First off, realize that the primary distinction between multicast and broadcast collapses over a shared medium like WiFi. There are low-level technical details that produce some further small distinctions, but if you were hoping that protocols like IGMP snooping would somehow keep traffic between networks A and B from affecting network C, you're dreaming. It's all effectively broadcast until you get back to the wired domain.
Second, those low-level technical details play into this. To speak of multicast vs broadcast implies that you
do have meaningful IGMP traffic. The question then becomes, how do you get that traffic between these networks when you've gone and broken the distinction that routing uses — different IP subnets — to decide how that traffic gets between networks?
Let's get concrete. Device A' on network A is able to multicast a stream that device B' on network B wants to receive, so it sends out an IGMP group-join command, which
something on network A is listening for. IGMP is normally dropped at a routing boundary unless you go out of your way to configure it otherwise, which then brings you to an assortment of options for getting that packet between the two networks:
- PIM-SM won't work because it's a proper routing protocol and will break if you don't give it different IPs on each side to work with.
- IGMP proxying is likely to fail for much the same reason: devices A' and B' could have the same IP under your scheme, so how would it know that A' is to the "left" of the proxy on the network and B' on the "right"?
- That only leaves you with things like blind IGMP echoing, where every packet that appears on one side of a network boundary gets copied to the other in the wild hope that it may be useful.
Okay, fine. Problem solved. Device A' begins sending the multicast stream that B' wanted.
(Before, host A' was muted by network A because it didn't have any clients wanting its stream, so why burn network bandwidth? If it wants to babble to itself, let it, but until someone actually wants the stream, pinch it off. This is the essence of IGMP snooping, PIM-SM, etc.)
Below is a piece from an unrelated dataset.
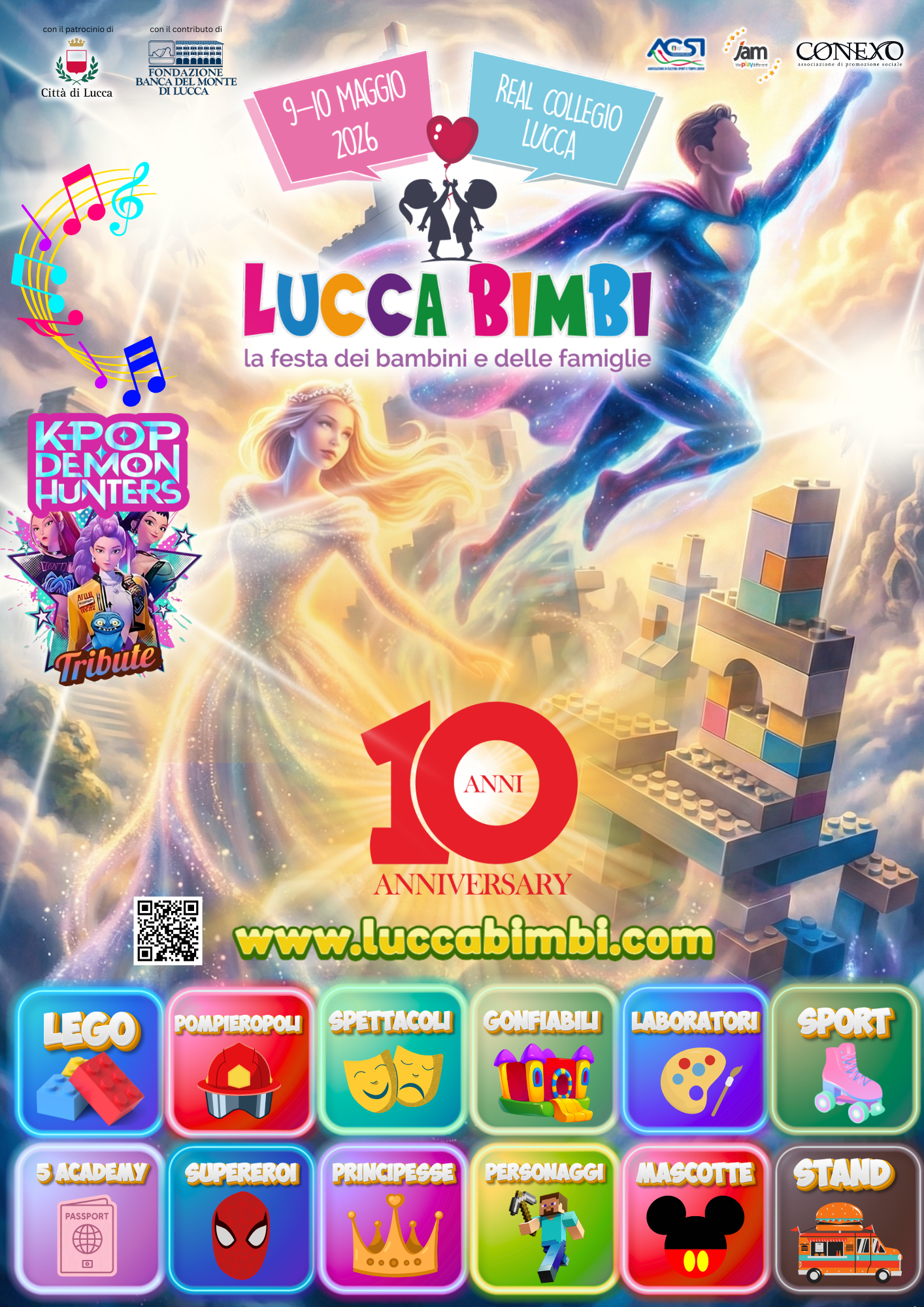 Torna a Lucca l'evento più atteso dalle famiglie: sabato 9 e domenica 10 Maggio, le prestigiose sale storiche e i chiostri del Real Collegio di Lucca si trasformeranno in un immenso parco divertimenti al coperto per celebrare i 10 anni di Lucca Bimbi.

New problem: how does network A run an IGMP querier to determine whether there are any hosts on network B that are still interested in the stream? Any IGMP packets it sends will be
from 10.10.10.1/24
to 10.10.10.1/24, so they'll stop at the boundary! And, if you solve that by more IGMP echoing, and the reply comes back "yes, I am host 10.10.10.42 and I still want the stream," how does it know that it is a device on network B that said that, since the IP is "local" to network A as well?
Now you're stuck unless you just want to flood all multicast across all networks blindly.
And that
sucks.
So, how about you tell us what you actually want to accomplish here, and we can come up with a solution that doesn't suck.